Drought will have an effect on growth

Peter Costello, Australian treasurer
The worst drought in a generation will cut this winter's grain harvest by more than half and hit the country's earnings from exports of agricultural products, the government has warned.

Production of the country's four major winter crops - wheat, barley, canola and lupins -is set to fall to 14.8 million tonnes in the year to June 2003, down from a record 34.1 million tonnes a year earlier, according to the Australian bureau of agriculture and resource economics (Abareconomics).

"You're seeing that already and I expect that it will affect exports in future months," said the country's treasurer, Peter Costello.

So far, the drought has cost more than 40,000 jobs.

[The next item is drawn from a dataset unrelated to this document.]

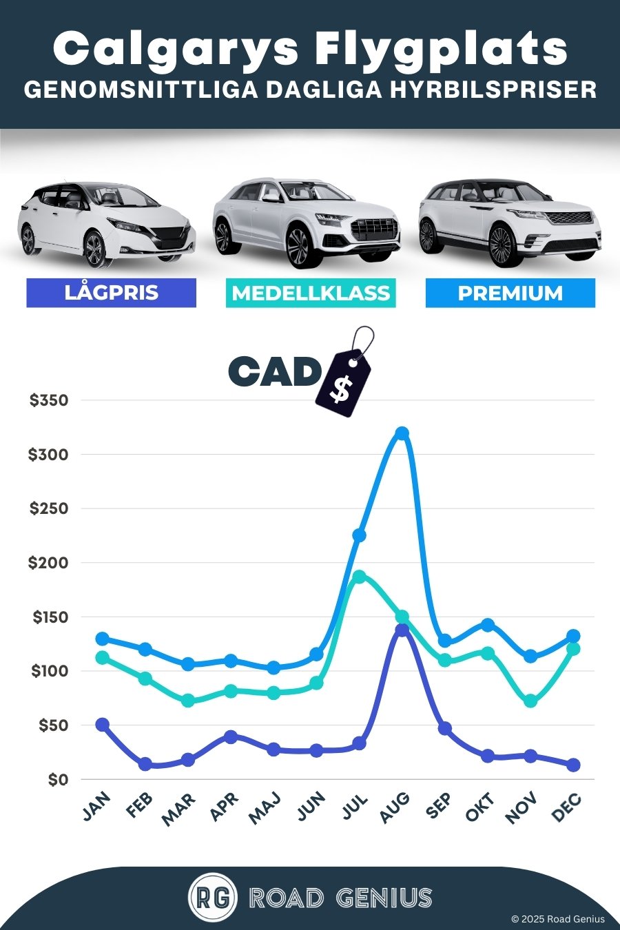 I genomsnitt kostar en bilhyra på Calgary flygplats omkring CAD $97 per dag, med de billigaste priserna från CAD $13 per dag.
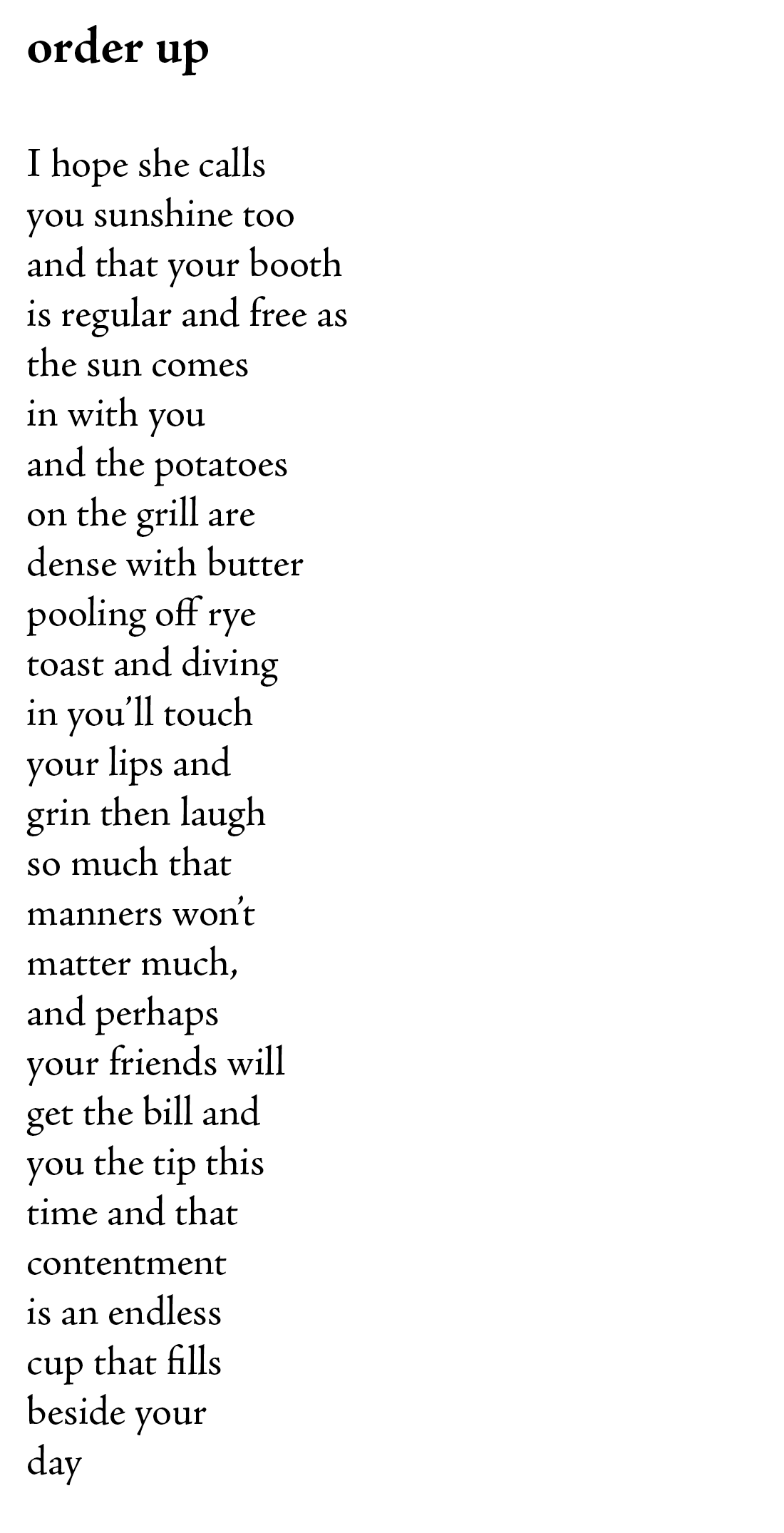 I shared this with my poetry mentor and though she offered suggestions, I also abandoned this poem as too meandering and lacking the feeling of an actual diner breakfast with friends.

Rural exports have slipped 6% and the trade deficit widened to A$948m in September, the worst figure for more than two years.

Analysts were surprised by the deficit which was much wider than the A$600-650m they had expected.

Strong imports

The Australian people's appetite for imported goods remains strong.

This has further contributed to the wider trade deficit.

Imports of consumer goods rose 5% during September, though imports of capital goods and investment goods fell 2%.

"I would be looking for the deficit to keep expanding over the next few months with exports coming under a little bit of pressure and imports continuing to increase on the back of a strong local economy," said St George Bank senior economist, Tim Crawford.

Economic impact

The drought has also hit the Australian economy at large, shaving 0.7% off the country's economic growth rate, bringing it down to 3.1% from 3.8%.

"Drought will have an effect on growth, it will detract from growth, there is no doubt about that," said Mr Costello.

"We rapidly are seeing the risks to the Australian economy skew to the downside," said SG Australia chief economist, Glenn Maguire.

The economic impact of the drought could prevent the country's central bank from raising interest rates at its next meeting in November.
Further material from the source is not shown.